Fixed it...I had a wire incorrect. Finally everything works good on the -10 setting and gain is up half way. I'm pretty sure I fried an ep4000 yesterday and I returned it and grabbed a QSC GX5. Do you guys think this should be fine or should I bring it back and get another EP4000?


----------



## Zeitgeist (Apr 4, 2009)

Mpray1983 said:


> Fixed it...I had a wire incorrect. Finally everything works good on the -10 setting and gain is up half way. I'm pretty sure I fried an ep4000 yesterday and I returned it and grabbed a QSC GX5. Do you guys think this should be fine or should I bring it back and get another EP4000?


The EP4000 (EP2500, etc) is pretty robust and has tested very well.


----------



## vann_d (Apr 7, 2009)

The ep has more power but if the qsc has enough for your subs then does it really matter?


----------



## Mpray1983 (Jun 22, 2011)

Do you think it was because of the wires being mismatched that I blew the amp. Basically it got really hot and started over heating. It would not stay on after without the breaker tripping.


----------



## vann_d (Apr 7, 2009)

How did you have it wired? Was something shorted?


----------



## Mpray1983 (Jun 22, 2011)

vann_d said:


> How did you have it wired? Was something shorted?


I had one driver wired backwards in a dual opposed.


----------



## Mpray1983 (Jun 22, 2011)

vann_d said:


> The ep has more power but if the qsc has enough for your subs then does it really matter?


Yes it powers them...but I would like to be able to upgrade and not have to buy a new amp. Plus the EP4000 is cheaper by $60. Another plus is the fact that testing has been done to figure out what the exact output of the EP4000 is. Also directions on a fan mod because this one is loud! I feel like I just answered my own question. 

What makes you say the EP4000 has more power...testing shows the ep4000 at 500 watts @ 8 ohms and the GX5 is the same.


----------



## vann_d (Apr 7, 2009)

I thought the EP had more in bridge mode than the GX...yeah just checked. The EP says it's 2 ohm stable and the GX does not.
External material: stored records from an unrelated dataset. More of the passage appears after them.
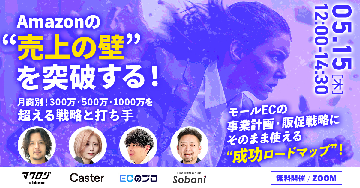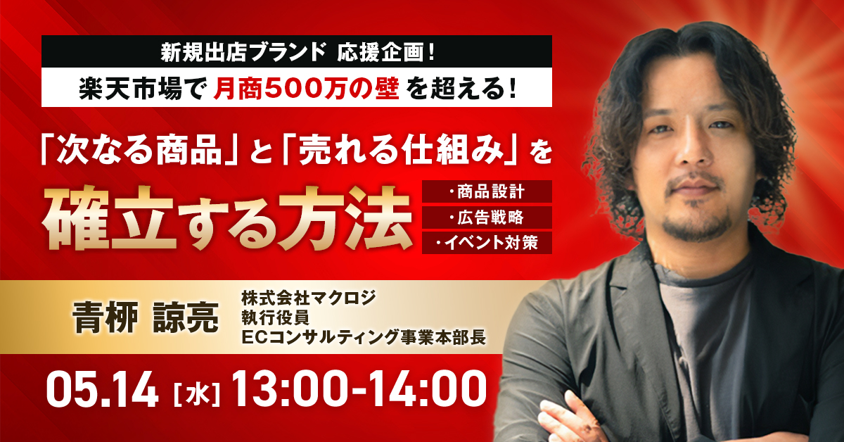 25年6月受付終了楽天市場AmazonSNSマーケティング自社EC初めてのEC広告運用集客ノウハウ 2025年ECの売上拡大施策を徹底解説ランディングページvsモールvsSNS 開催日 2025年6月09日 (月) 13:00 開催場所 オンライン開催(ZOOM) 25年6月受付終了楽天市場AmazonSEO自社EC初めてのEC集客ノウハウ “今、仕込むべき”EC×SEO戦略~半年後の売上をつくるオーガニック集客戦略2025~ 開催日 2025年6月04日 (水) 13:00 開催場所 オンライン開催(ZOOM) 25年6月受付終了AmazonSEO自社EC初めてのEC集客ノウハウ Amazonの“売上の壁”を突破する!~月商別!100万・500万・1000万・3000万を超える戦略と打ち手~ 開催日 2025年6月03日 (火) 13:00 受付終了Qoo10SNSマーケティング初めてのEC集客ノウハウ SNSで惹きつけ、Qoo10で売る!モール内施策×外部集客の掛け算戦略 開催日 2025年5月29日 (木) 13:00 開催場所 オンライン開催(ZOOM) 受付終了SNSマーケティング集客ノウハウ ~成功事例から学ぶEC売上UPの法則~ 開催日 2025年5月27日 (火) 16:00 開催場所 オンライン開催(ZOOM) 受付終了楽天市場AmazonD2CSNSマーケティング自社EC初めてのEC広告運用集客ノウハウ 独自性のある商品の創り方×広げ方×売り方~顧客に選ばれるブランド育成×販路拡大術をステップ別に解説~ 開催日 2025年5月27日 (火) 12:00 開催場所 オンライン開催(ZOOM) 受付終了アーカイブ配信楽天市場AmazonQoo10越境EC美容・コスメSNSマーケティング自社EC初めてのEC広告運用集客ノウハウ 【アーカイブ配信】認知拡大・売上アップ施策BEST20~激戦市場を勝ち抜く、ヒットブランド・商品の創り方~ 開催日 2025年4月30日 (水) 09:00 開催場所 【アーカイブ配信】オンライン開催(ZOOM) 受付終了Amazon自社EC初めてのEC広告運用集客ノウハウ Amazonの“売上の壁”を突破する!~月商別!300万・500万・1000万を超える戦略と打ち手~ 開催日 2025年5月15日 (木) 12:00 開催場所 オンライン開催(ZOOM) 受付終了楽天市場自社EC初めてのEC広告運用集客ノウハウ 楽天市場で月商500万の壁を超える!「次なる商品」と「売れる仕組み」を確立する方法〜商品設計・広告戦略・イベント対策〜 開催日 2025年5月14日 (水) 13:00 開催場所 オンライン開催(ZOOM) 受付終了SNSマーケティング自社EC初めてのEC広告運用集客ノウハウ 広告費のムダをなくす!Meta広告×ECの勝ちパターン大公開 開催日 2025年5月09日 (金) 16:00 開催場所 オンライン開催(ZOOM)
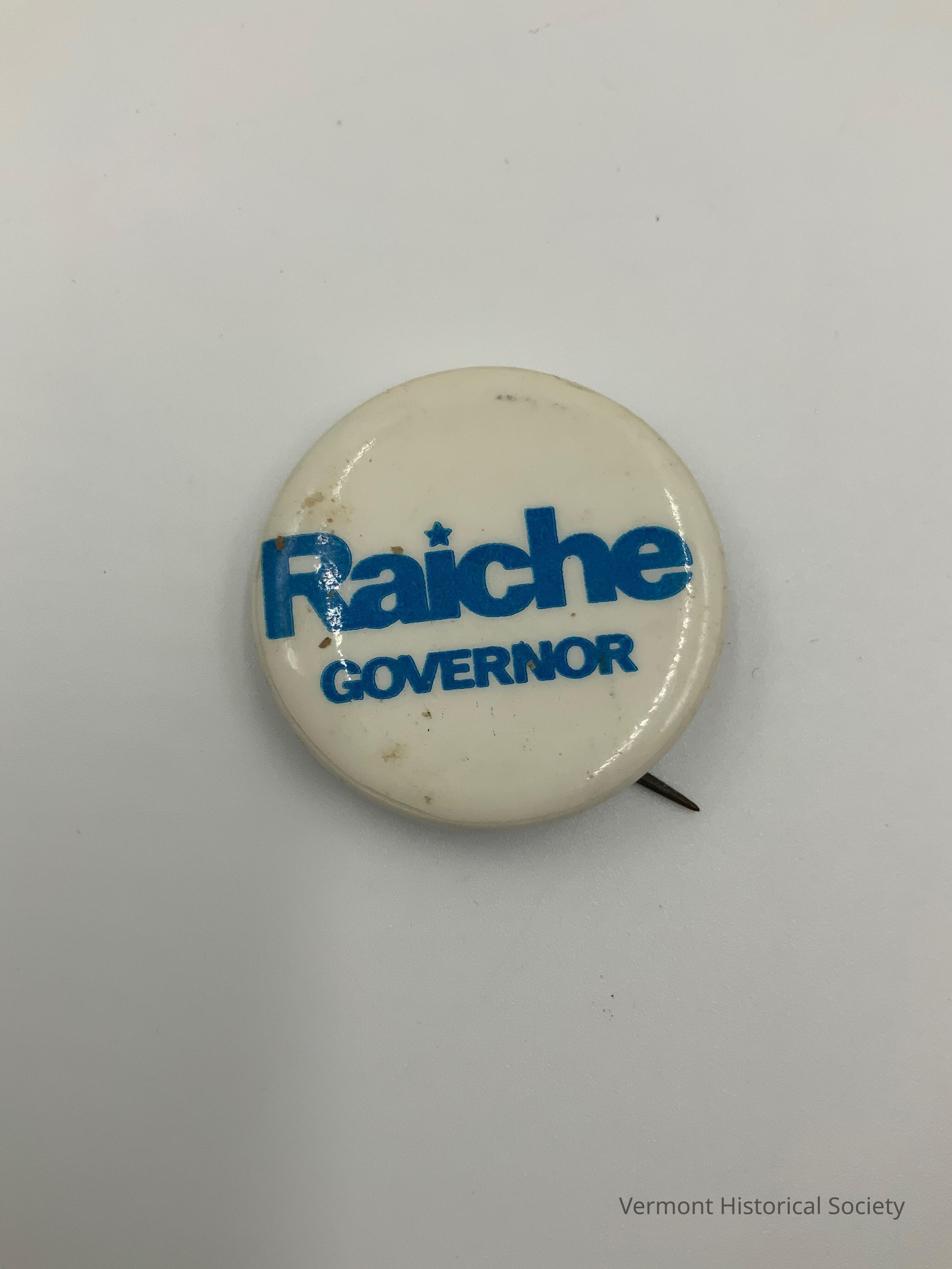 Round white button with the blue inscription, "Raiche GOVERNOR".
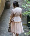 ジャケットはペプラムになっているのでウエストが引き締まった印象に。
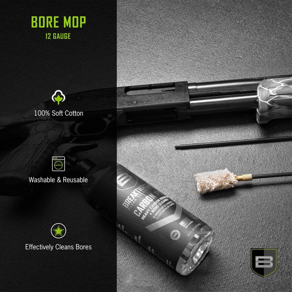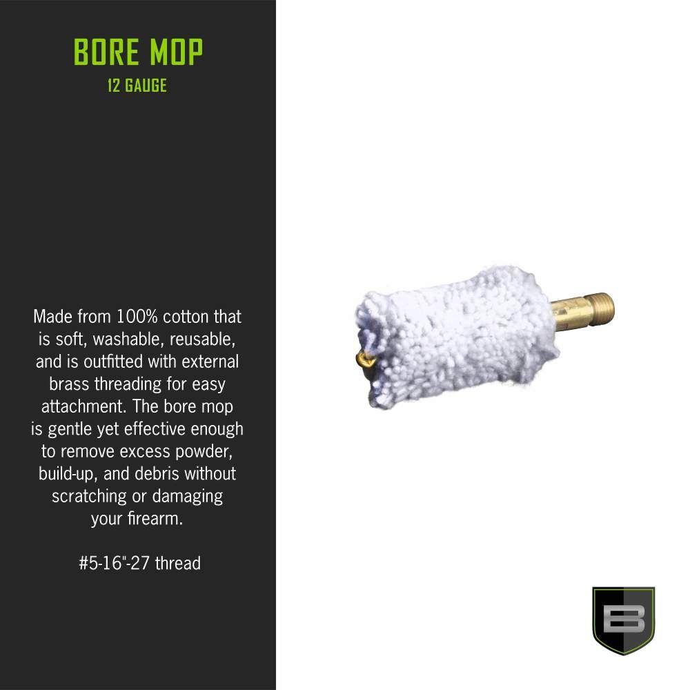 - GUN CLEANING SUPPLIES: Get the best clean without scratching or damaging your rifling. This 12-gauge bore mop is made from 100% cotton that is soft, washable, reusable, & is outfitted with external brass threading for easy attachment.
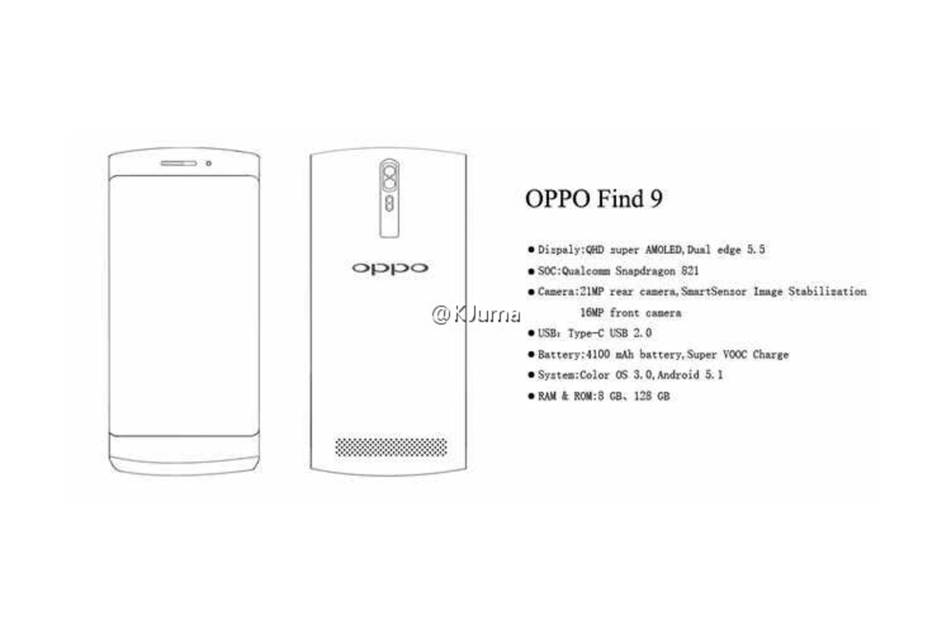 در مشخصات فنی منتشر شده، استفاده از صفحهنمایش ۵.۵ اینچی خمیدهی AMOLED با کیفیت QHD به چشم میخورد. از لحاظ پردازنده نیز، اوپو در این گوشی از اسنپدراگون ۸۲۱ استفاده خواهد کرد و از لحاظ حافظه نیز یک حافظهی رم ۸ گیگابایتی به همراه ۱۲۸ گیگابایت حافظهی داخی برای این گوشی در نظر گرفته شده است. بر خلاف تصاویر منتشر شده از رندر گوشی، در بخش مشخصات اشارهای به دوربین دوگانه نشده و تنها استفاده از لنز ۲۱ مگاپیکسلی به همراه فناوری لرزشگیر هوشمند اوپو (که در مراسم MVC 2016 معرفی شد) تایید شده است. برای دوربین سلفی این گوشی نیز، اوپو از یک لنز ۱۶ مگاپیکسلی استفاده خواهد کرد. از دیگر مشخصات Find 9 میتوان به باتری بزرگ ۴۱۰۰ میلیآمپری با فناوری شارژ سریع اشاره کرد که در عرض یک ساعت به طور کامل شارژ خواهد شد. استفاده از پورت یواسبی نوع سی به همراه اندروید ۵.۱ بر پایهی Color OS نیز در مشخصات منتشر شده به چشم میخورد. البته کارشناسان امیدوارند اوپو در زمان عرضه از اندروید ۶ در این گوشی استفاده کند.
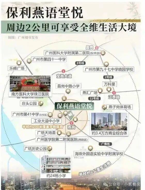 保利燕语堂悦位于氛围成熟的海珠西老城区,周边不缺乏大型的商业,比如有综合体方圆333、乐峰广场、广百等等,可以说是海珠最成熟的商业都在项目周边了,烟火气十足,不愁吃喝玩乐。
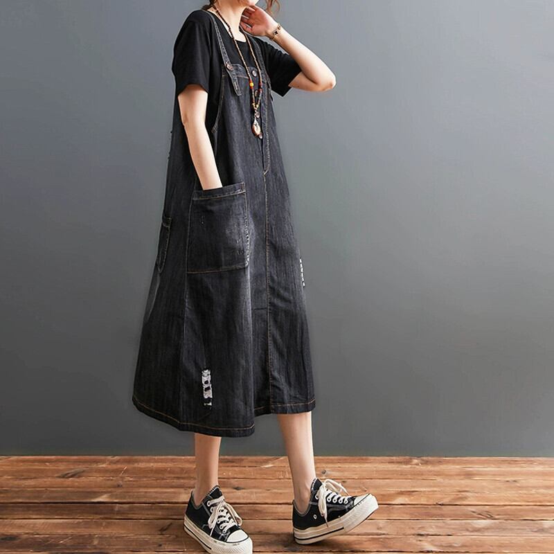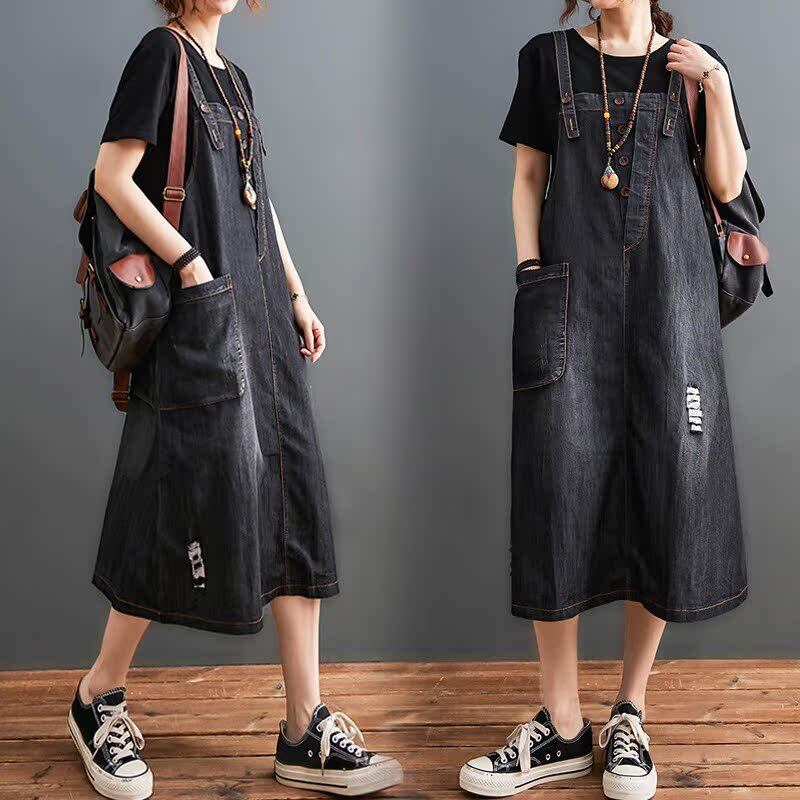 パーソナライズされたポケットデニムサスペンダースカートプラスサイズの女性のルーズルーズ脂肪ミリメートル隠し肉バージョン夏ミッドレングスサスペンダードレス 大きめサイズ サマー 夏物 sine43894183938
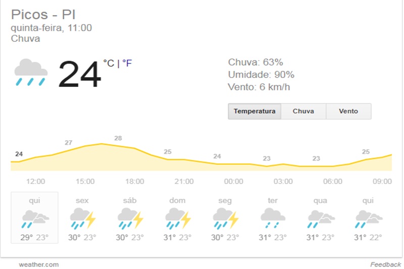 Para os próximos quatro dias, o Estado do Piauí terá uma trégua no sol ardente, pois a presença de nuvens durante todo o dia permitirá que a sensação térmica (umidade do ar) tenha uma queda, é o que mostra o Instituto Nacional de Metereologia (INMET) em relação a algumas cidades.

Thayt's a plus for the EP.

Sound like you had drivers in parallel instead of series...I would not think this would fry the EP. If you are hard clipping the amp maybe you could fry it.


----------



## Mpray1983 (Jun 22, 2011)

vann_d said:


> I thought the EP had more in bridge mode than the GX...yeah just checked. The EP says it's 2 ohm stable and the GX does not. Thayt's a plus for the EP.
> 
> Sound like you had drivers in parallel instead of series...I would not think this would fry the EP. If you are hard clipping the amp maybe you could fry it.


That must have been what it was...I had that ch. Twice the gain as the other. I was clipping a lot when I was trying to set it up in +4 studio mode.

I was running in series but 1 driver was wired backwards. So basically they were cancelling each other out. That was the reason for having the gain so high. I'm just happy that it is fixed.


----------



## vann_d (Apr 7, 2009)

Ahh, yeah. Well, glad you got it figured out.

50 Hz fpf + out of phase drivers = no woofage


----------